Information given:
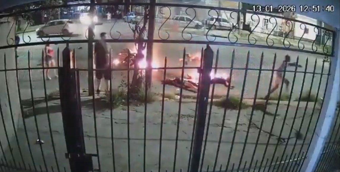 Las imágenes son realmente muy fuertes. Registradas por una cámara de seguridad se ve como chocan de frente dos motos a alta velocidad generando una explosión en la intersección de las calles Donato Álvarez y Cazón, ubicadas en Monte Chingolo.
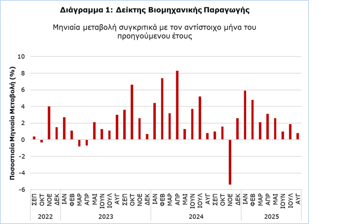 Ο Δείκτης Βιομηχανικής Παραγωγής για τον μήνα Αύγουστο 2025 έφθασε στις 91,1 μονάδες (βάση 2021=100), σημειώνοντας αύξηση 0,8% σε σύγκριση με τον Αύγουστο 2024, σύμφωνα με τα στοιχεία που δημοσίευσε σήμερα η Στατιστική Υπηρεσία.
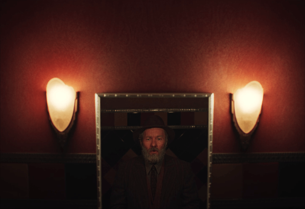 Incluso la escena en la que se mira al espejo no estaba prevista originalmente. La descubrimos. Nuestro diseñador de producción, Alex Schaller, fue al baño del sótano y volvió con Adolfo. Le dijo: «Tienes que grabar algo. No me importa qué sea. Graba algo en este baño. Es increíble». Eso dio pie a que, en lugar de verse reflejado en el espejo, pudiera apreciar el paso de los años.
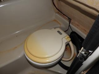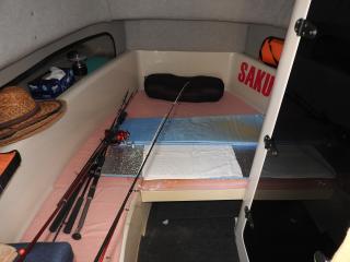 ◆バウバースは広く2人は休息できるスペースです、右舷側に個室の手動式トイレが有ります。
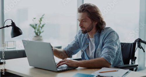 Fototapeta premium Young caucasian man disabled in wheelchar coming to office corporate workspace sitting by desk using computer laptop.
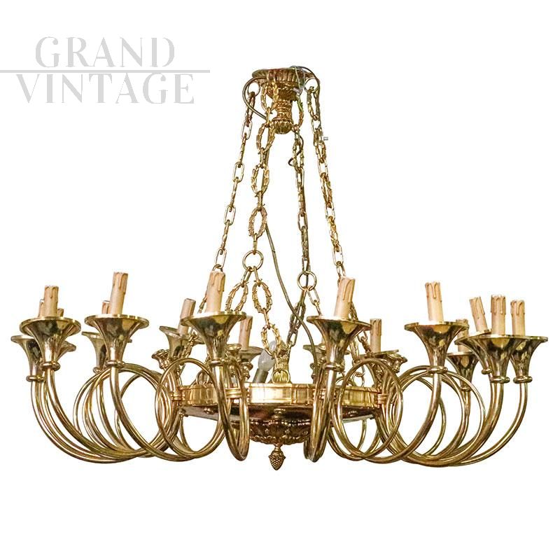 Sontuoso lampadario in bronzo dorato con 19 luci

...

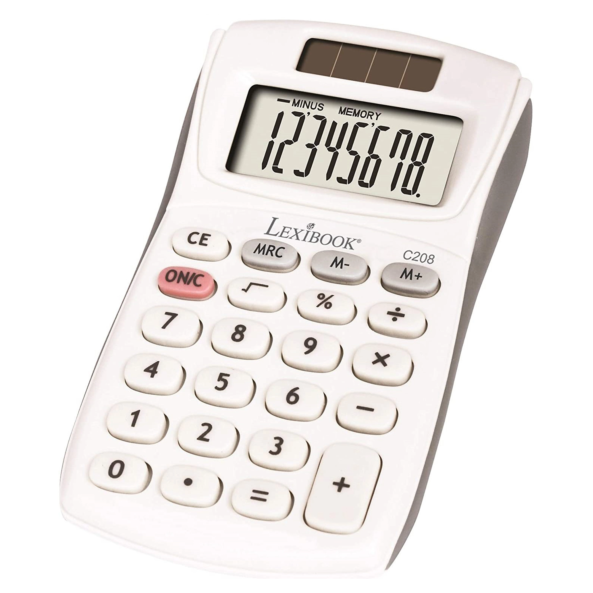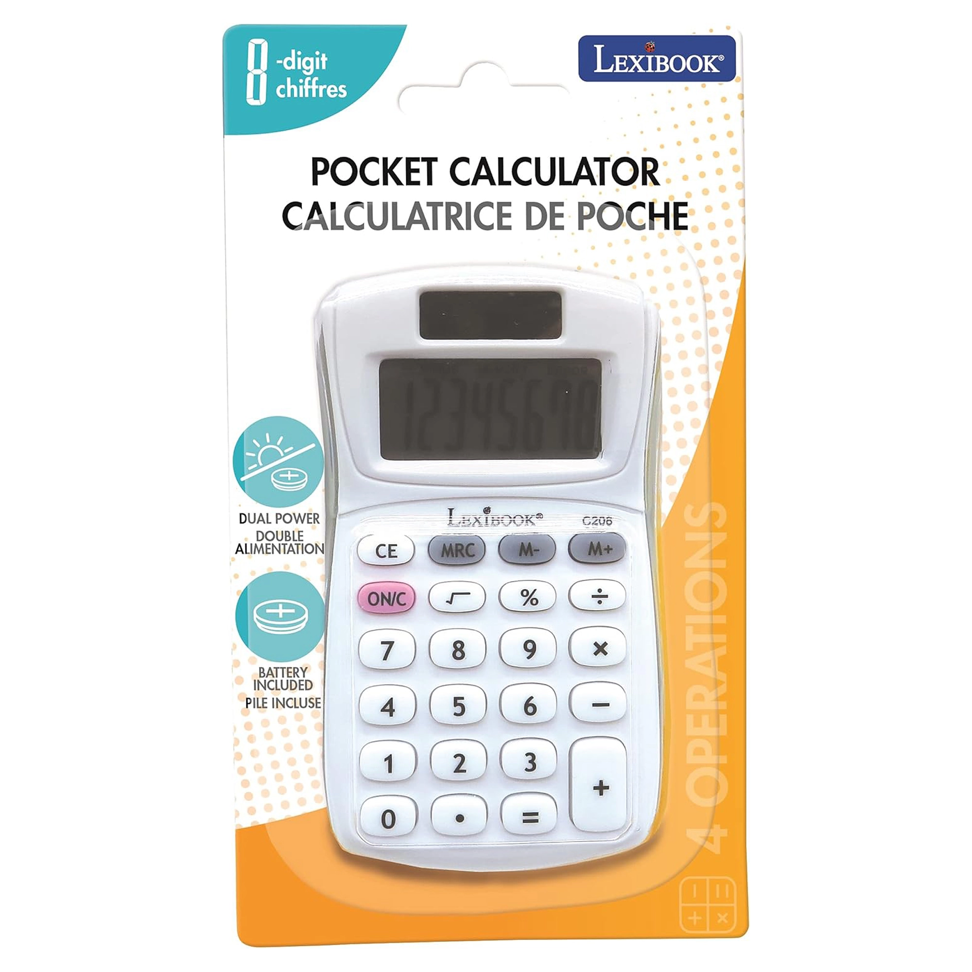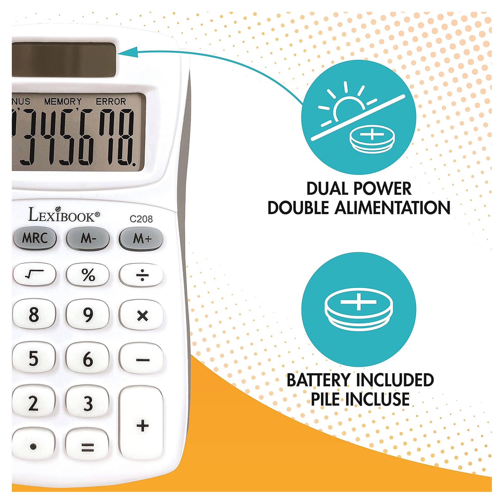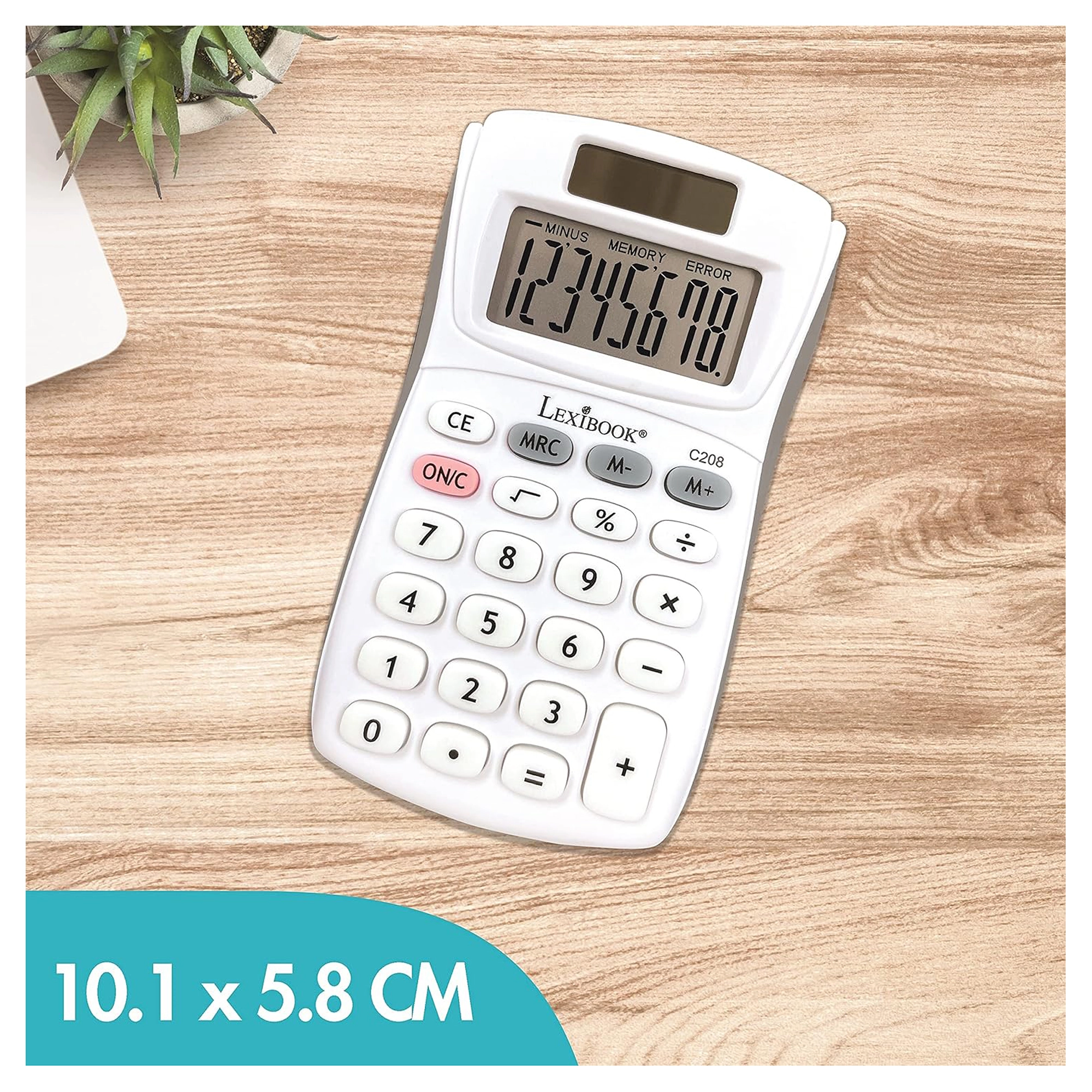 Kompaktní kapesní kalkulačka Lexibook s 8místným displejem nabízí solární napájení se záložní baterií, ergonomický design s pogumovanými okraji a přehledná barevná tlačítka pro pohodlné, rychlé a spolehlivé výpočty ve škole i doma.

Exercise brief:
From the data above, return exactly the lines from the one with "Las imágenes son" up to and including the one with "Sontuoso lampadario in". Pictures do not go in the copy.

Solution below:
 Las imágenes son realmente muy fuertes. Registradas por una cámara de seguridad se ve como chocan de frente dos motos a alta velocidad generando una explosión en la intersección de las calles Donato Álvarez y Cazón, ubicadas en Monte Chingolo.
 Ο Δείκτης Βιομηχανικής Παραγωγής για τον μήνα Αύγουστο 2025 έφθασε στις 91,1 μονάδες (βάση 2021=100), σημειώνοντας αύξηση 0,8% σε σύγκριση με τον Αύγουστο 2024, σύμφωνα με τα στοιχεία που δημοσίευσε σήμερα η Στατιστική Υπηρεσία.
 Incluso la escena en la que se mira al espejo no estaba prevista originalmente. La descubrimos. Nuestro diseñador de producción, Alex Schaller, fue al baño del sótano y volvió con Adolfo. Le dijo: «Tienes que grabar algo. No me importa qué sea. Graba algo en este baño. Es increíble». Eso dio pie a que, en lugar de verse reflejado en el espejo, pudiera apreciar el paso de los años.
 ◆バウバースは広く2人は休息できるスペースです、右舷側に個室の手動式トイレが有ります。
 Fototapeta premium Young caucasian man disabled in wheelchar coming to office corporate workspace sitting by desk using computer laptop.
 Sontuoso lampadario in bronzo dorato con 19 luci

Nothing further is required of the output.